In fact, one newsroom, the Herald News in New Jersey, saw the potential for a new form of content distribution. In addition to adding these links to third-party news to the network feed, they started adding links to their own stories. They did this unprompted and, when I asked them why, they said they realized that other newsrooms could pick up the links to their pieces and “publish” them as part of their election news aggregations.

There appears to be a huge potential for link journalism networks to influence how newsroom content is distributed on the Web — through enabling the links to one newsroom’s content to appear on other newsrooms’ Web sites. While such collaborative link-driven distribution seems radical on the face of it, there is precedence in traditional wire services and in some bold new experiments, such as the Ohio News Organization, where Ohio newspapers publish each other’s best stories.
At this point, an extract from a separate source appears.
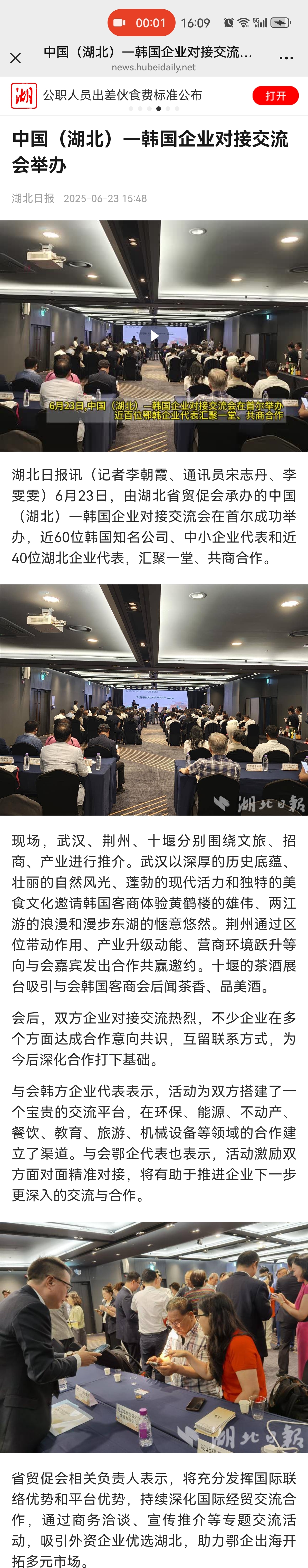 湖北日报:中国(湖北)—韩国企业对接交流会举办

Publish2 is creating this news aggregation network based on journalistic standards and working with only journalists, editors and freelancers who work for news organizations. Just as knoxnews.com assigned trusted local bloggers, newsrooms can expand the Publish2 network to include a range of contributors. Our online tools are designed specifically to integrate seamlessly into the editorial workflow by taking proven technologies, i.e. Web-based bookmarking and news aggregation, and customizing them for the practice of link journalism. Publish2 also has profile pages for journalists to showcase their professional experience, links to their best work, and recommended links. As a social network, journalists can connect with others around the world who cover the same beats or share common interests.

We are exploring further the potential of the Election News Network during the conventions this summer and continuing through the general election in the fall. We are also creating link journalism networks for other topics. The Web is, after all, a network, and journalism can best serve news consumers by leveraging that network. Younger news consumers are already making use of its network capacity in how they share information in their social networking groups. There is no reason why journalists and newsrooms and newspaper Web sites should not figure out how to do the same. The benefit for everyone will come in making it easier to find high quality journalism on the Web.